Wow, Grout! Seems so obvious, yet I would never think of it. Modifying the grout with polymer based additives does several things as you've mentioned and may be the most important ingredient in your coating. Makes it harder, more durable, better adhesive strength and more water resistant as it's plasticizing the grout. For those of you considering DIY like this, don't skip this step. Incredible, amazing work by the way, I'm sure you could make a pretty penny selling this stuff!


----------



## xmas_one (Feb 5, 2010)

Impressive!


----------



## bigboij (Jul 24, 2009)

wow


----------



## FooDog (Jun 28, 2010)

Awesome stuff!


----------



## HX67 (Jul 15, 2010)

monkeyfish said:


> Wow, Grout! Seems so obvious, yet I would never think of it. Modifying the grout with polymer based additives does several things as you've mentioned and may be the most important ingredient in your coating. Makes it harder, more durable, better adhesive strength and more water resistant as it's plasticizing the grout. For those of you considering DIY like this, don't skip this step. Incredible, amazing work by the way, I'm sure you could make a pretty penny selling this stuff!



Thanks, everyone.

Yes, monkeyfish, I think you are right about the polymer modifying properties. It is a bit pushing it to say it's _the most important ingredient_, but it does make a difference.
Grout, I think, is still the trick. I don't use paint of any sort, I get both the color and shading with grout, not paint of any sort. The finish is matt and reacts to water pretty much the same as organic stone/wood does.

Here's one more fake stone/wood piece:


----------



## Chucklett (Jul 24, 2010)

Wow! Wow! Wow Indeed!!!! 

Absolutely stunning work! As others have said - people pay lots of money for rather naff-looking decor. Ive scoured the shops for beautiful realistic logs, caves, etc for my tank and ended up buying..... a real piece of wood, two very small rocks and some plants!!!!!!

What do you do with your finished masterpieces? Do you actually sell them at all? Im sure many people would buy them. Myself included!

Keep up the good work - you are truely blessed with a very special talent.

:smile:


----------



## HX67 (Jul 15, 2010)

Thank you plenty for your words. I'm almost speachless.

I sell them occasionally, make to order every now and then.

Thanks again, I feel blessed to read your words.


----------



## problemman (Aug 19, 2005)

Hey HX its bratyboy2 from APC. I got to do this so be prepared to get messages from me

Sent from my DROIDX using Tapatalk


----------



## HX67 (Jul 15, 2010)

Hey, Brad!

Good for you.

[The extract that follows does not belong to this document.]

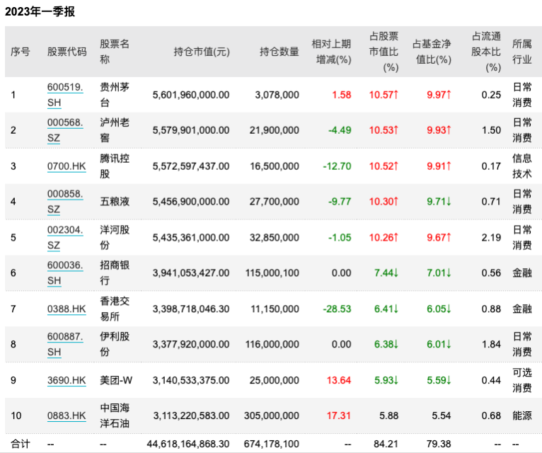 重仓股上。对比去年底,中国海洋石油为新晋十大重仓股。

Shoot, any time.


----------



## kamikazi (Sep 3, 2010)

I read through the thread on the dendrobaord. Nice backgrounds on there. HX, awesome work.

I noticed no one mentioned using drylok and quikrete liquid pigments as a way to color and seal the foam. There are people one the cichlid-forum who use that method and I will be using that method on a project I'm working on.


----------



## HX67 (Jul 15, 2010)

Thanks, kamikazi.
Some reading you have done.

Thanks also for mentioning the materials used by Americans on the scapings.

Be sure to present your project. Or are you already?


----------



## AquaNorth (Jan 27, 2010)

Your work is amazing, You are a very talented artist.


----------



## kamikazi (Sep 3, 2010)

I haven't finished it yet, I have been keeping pictures and will do a complete thread when done. The only thing I have posted is using those materials on a piece of eastern red cedar drift wood I found. I think that whole thread is here in the aquascaping subforum


----------



## malaybiswas (Nov 2, 2008)

Great pieces of art and thank you for sharing the techniques. However you missed to point one key element :icon_smil. The artistry in converting the same mixture into different "materials" and shapes like weathered wood or seasoned wood. That's that toughest part I guess even if the grout mixing curing can be picked up with some practice. Kudos for that alone!


----------



## HX67 (Jul 15, 2010)

Thank you, AquaNorth and malaybiswas for your words.
Much appreciated.

Here's a piece I started yesterday:


----------



## problemman (Aug 19, 2005)

That right their is pure freaking talent !!!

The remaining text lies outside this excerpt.